Isso não foi apenas um abuso do pós-guerra. Mesmo quando os judeus ainda estavam sendo levados para os campos de extermínio, Arieh Altman, da Nova Organização Sionista, era típico ao argumentar que o antissemitismo deveria “formar a base da propaganda sionista”, e o Oficial de Segurança da Defesa na Palestina, Henry Hunloke, se perguntava se a Agência Judaica poderia até mesmo “incitar o antissemitismo (…) para forçar os judeus (…) a vir para a Palestina”.

Hoje em dia, quando qualquer coisa que se aproxime desse tópico é levantada, algumas pessoas distorcem a afirmação pejorativa de que o orador – nesse caso, eu – está culpando os judeus pelo antissemitismo.

NÃO. Em vez disso, é o simples fato de que o sionismo exige o antissemitismo, é viciado nele e procura garantir que ele, ou pelo menos a aparência dele, nunca acabe. Não é preciso olhar além da satisfação de muitos sionistas hoje em dia com o verdadeiro antissemitismo do novo governo americano de Donald Trump, com jornalistas israelenses como Yaron London aplaudindo abertamente esse antissemitismo como uma notícia bem-vinda. Mais sobre isso em alguns minutos.

Também mencionei a Reconstrução. Como explicou um ex-membro do assentamento, chamado Newton, os líderes sionistas temiam que, com a melhoria das condições na Europa, a pressão sobre a Palestina diminuísse. Qualquer melhora na Europa era um anátema para seus planos.

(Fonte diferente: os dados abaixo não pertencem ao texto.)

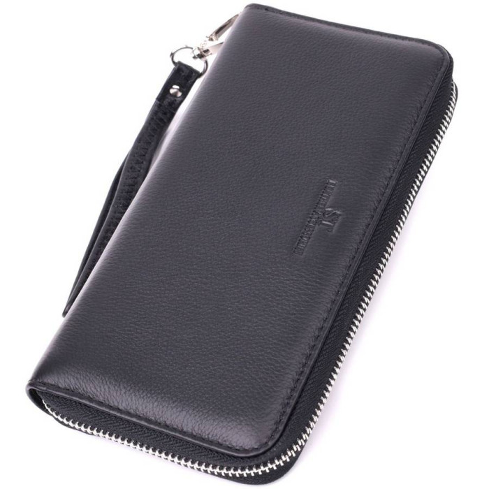 Універсальна шкіряна модель клатча, з тисненням логотипу виробника на лицьовій стороні, яка підійде як чоловікові, так і жінці. Аксесуар має три великі відділення для купюр, вісім осередків для карток, дві прилеглі кишені, одну приховану кишеню та кишеню на блискавці. Носити цю модель зручно в руці за допомогою шкіряної ручки на тильній стороні або за допомогою знімного кистьового ременя. Закривається аксесуар на блискавку. Купуючи шкіряний аксесуар цієї фірми собі або на подарунок, будьте певні, що він радуватиме око не один рік.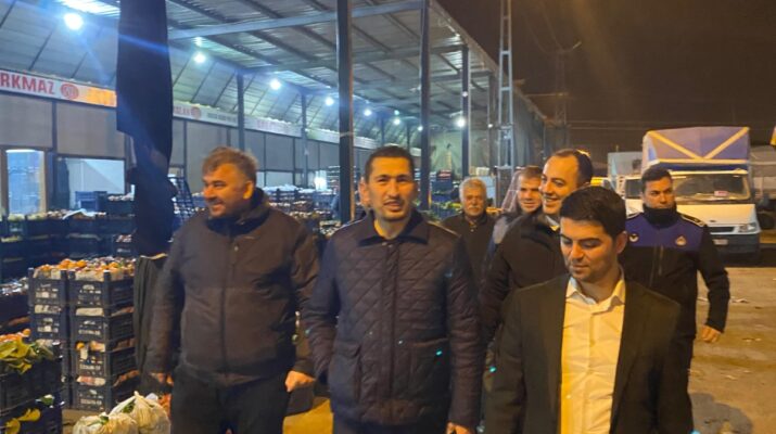 HBB Genel Sekreter Yardımcısı Uğur Kandemir, Tarımsal Hizmetler Dairesi Başkanı Sadettin Çakır ve İnsan Kaynakları ve Eğitim Dairesi Başkanı Bahattin Toptaş’ın bulunduğu heyet; Antakya Yaş Meyve ve Sebze Hali esnafı ile Antakya Meyve ve Sebze Kabzımal Komisyoncular Derneği Başkanı Sedat Mansuroğlu’nu ziyaret etti.

Qual foi a reação da Agência Judaica ao papel da Grã-Bretanha na derrota do pior inimigo que os judeus já conheceram? Ela viu uma oportunidade de extorsão. A guerra havia devastado a economia britânica, mas quando a Grã-Bretanha pediu aos EUA um empréstimo de longo prazo para se recuperar de sua batalha contra os nazistas, a Agência tentou pressionar Washington a negar o empréstimo, a menos que a Grã-Bretanha aceitasse as exigências sionistas. É claro que o empréstimo acabou sendo aprovado, mas, ainda em 1948, os sionistas atacaram os congressistas dos EUA por serem a favor do Plano Marshall, e o próprio governo Truman colocou o empréstimo na frente das autoridades britânicas quando elas tentaram chamar a atenção para as atrocidades sionistas.

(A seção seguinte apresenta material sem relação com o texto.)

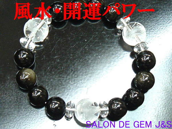 【新品】【鳳凰(火の鳥/不死鳥)】【才能の開花・若返りの石】【高級天然ゴールデンオブシディアン(黒曜石)&高級天然クリスタル 風水・開運ブレスレット】【GO10.0mm/C12.0mm/C8.0mm】【アルマーニ / スパでも使用】(内径:15cm)【浄化済商品】【本数限定】【赤字大処分】【収納ポーチ付】【製作元オークション】

Em 1946, o terrorismo sionista havia se tornado o desafio diário que definia a vida na Palestina, e cem mil soldados britânicos se mostraram incapazes de contê-lo. Qualquer coisa que mantivesse a Palestina como uma sociedade funcional era um alvo dos sionistas. Trens, estradas, pontes, comunicações, instalações de petróleo e estações da Guarda Costeira eram constantemente bombardeados. Trabalhadores de serviços públicos, reparadores de telefones, trabalhadores ferroviários e pessoal de eliminação de bombas eram assassinados. A polícia foi durante muito tempo um alvo preferencial e foi assassinada a tiros às dezenas.

Entre as organizações terroristas menores que surgiram, havia uma dedicada especificamente ao medo que os sionistas tinham, há muito tempo, de que os judeus fizessem amizade com não judeus, sendo que o medo final, é claro, era poluir o que, para os sionistas, era a raça judaica pura. Como exemplo de seus métodos, o grupo terrorista encharcou uma garota judia desobediente com ácido, ferindo-a gravemente e cegando-a de um olho.

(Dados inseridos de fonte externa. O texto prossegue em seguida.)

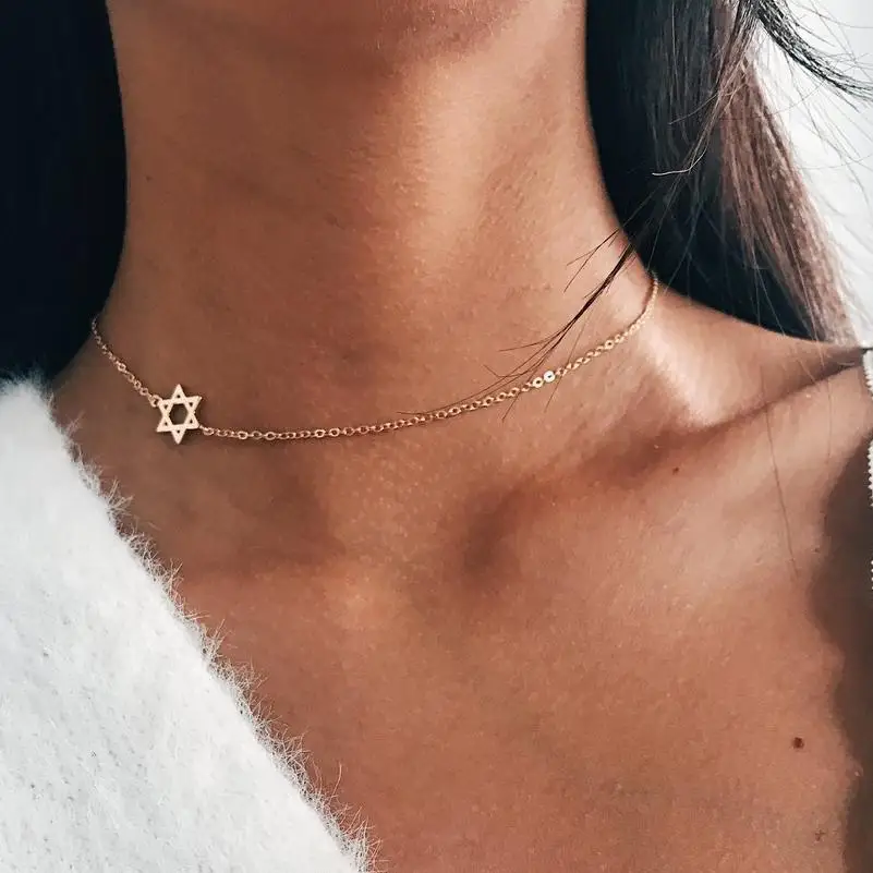 Sideways Star Of David Necklace For Women Tiny Star Simple Minimalist Charm Coker Necklace Dainty Bat Mitzvah Jewelry Gift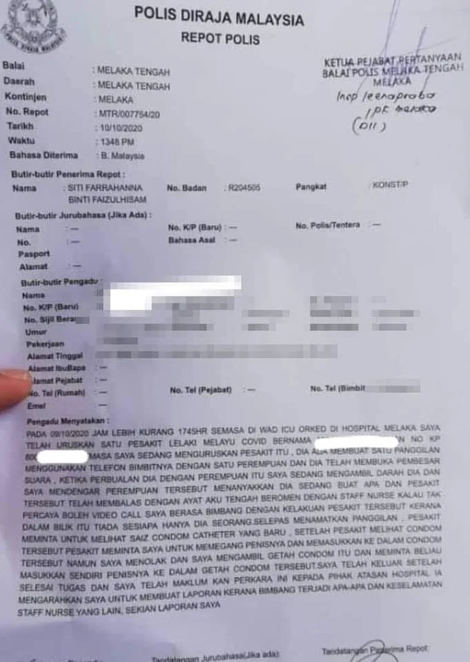 A nurse at Hospital Melaka lodged a police report, claiming to be a victim of sexual harassment by an elderly man who is a Covid-19 patient there.

O terror sionista foi auxiliado pela fenomenal rede de inteligência da Agência Judaica. A Agência tinha informantes até altos funcionários norte-americanos simpáticos que lhes forneciam informações de inteligência, de tal forma que os britânicos aprenderam a não confiar nem mesmo em mensagens diretas ao presidente norte-americano Truman.

Quando o comitê palestino da ONU, o UNSCOP, visitou a Palestina no verão de 1947, a Agência substituiu os motoristas dos membros do comitê por espiões; substituiu os garçons do restaurante principal que eles frequentavam por espiões; e, o mais produtivo, enviou cinco jovens mulheres para servir no que era chamado de “rede de teatro” de atendentes no prédio onde os membros, todos homens, estavam hospedados. As moças deveriam ser inteligentes e instruídas, mas, acima de tudo, segundo as palavras da Agência, deveriam ser “ousadas”. Qualquer que fosse o significado de “ousadia”, elas extraíam uma grande quantidade de informações das principais pessoas que estavam deliberando sobre o futuro da Palestina.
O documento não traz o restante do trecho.